In a research he conducted on Ife numerals, the lecturer at the Obafemi Awolowo University, Ile-Ife, acknowledges Ife Togo, Ife Benin, Tsabe, Ajase and Idaatsa, all of which he describes as Yoruboid, as being “the mother tongues of speech communities whose forefathers migrated from Nigeria to Dahomey, now Republic of Benin.”
This invariably covers the brand spoken in Togo, too. Fabunmi notes in a study titled ‘Vigesimal Numerals on Ife (Togo) and Ife (Nigeria) Dialects of Yoruba’, “Today, the capital of Ife (Togo) is Atakpame. The Ifè (Togo) dialect of Yoruba is spoken by approximately 90,000 people in Atakpame and the speakers stretch from the Benin boundary up to Atakpame in Togo.
“The majority of these Ife settlers migrated from Ija-Oku in former Dahomey into the Togolese territory and subsequently founded the city of Atapkame. There are several other early settlers or ethnic groups in Atakpame, such as Fon, Ewe,
Aposo, Kabrelosso and Ketokoli, but the people of Seti, Jama and Igberiko are predominantly Ife. Other Ife (Togo) villages include Alabata, Okutaya, Efujaye, Oko Asade, Asoko Ayepada and Yanmosile.”

Ife Togo is well tone-marked

Yoruba is a tonal language, comprising the high, mid and low tones. That is how a word such as ‘odo’ can mean different things as the tone changes. These include odo (mortar), odo (river) and odo (zero). Also, ‘ere’ can be translated as play, sculpture and profit in different contexts and with different tonal marks, just as ‘agbon’ can be a word for a basket, coconut or wasp.

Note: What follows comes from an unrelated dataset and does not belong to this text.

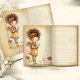A charming vintage-style junk journal page featuring a whimsical shy girl with voluminous curls and a soft headband, gently reading her book among delicate florals. Warm parchment tones and subtle antique textures create a nostalgic, storybook feel that brings softness and character to any stationery collection.
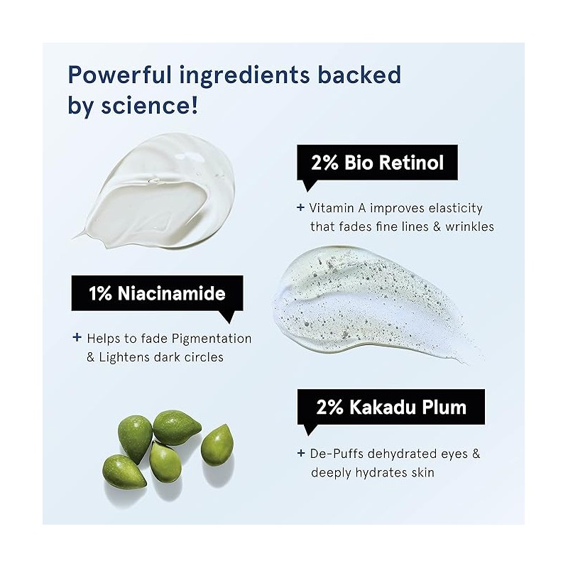 • This retinol eye cream is known to boost elasticity and collagen production. Regular application stimulates collagen diminishing the appearance of fine lines and wrinkles.

Investigation by our correspondent reveals that the Ife Togo dialect retains the tonal property of the Yoruba language. Apart from the inflexions that the natives interviewed demonstrate in their speeches, words in the books that our correspondent bought in Atakpame are duly tone-marked. Perhaps the only difference is that the mid tone, which is no more marked in the modern Nigerian Yoruba language, is still marked in Ife Togo. Indeed, our observation also shows that Ife Togo has not responded to the series of orthographical changes that the standard Yoruba has experienced, especially since the early 1970s. As a result, while Yoruba grammar now forbids the collocation of two consonants in a word, which makes Offa, Otta, Oshogbo and Ogbomosho to be written nowadays as Ofa, Ota, Osogbo and Ogbomoso, Ife Togo still flaunts words such as nwon (they), itsu (yam) and Atakpame itself!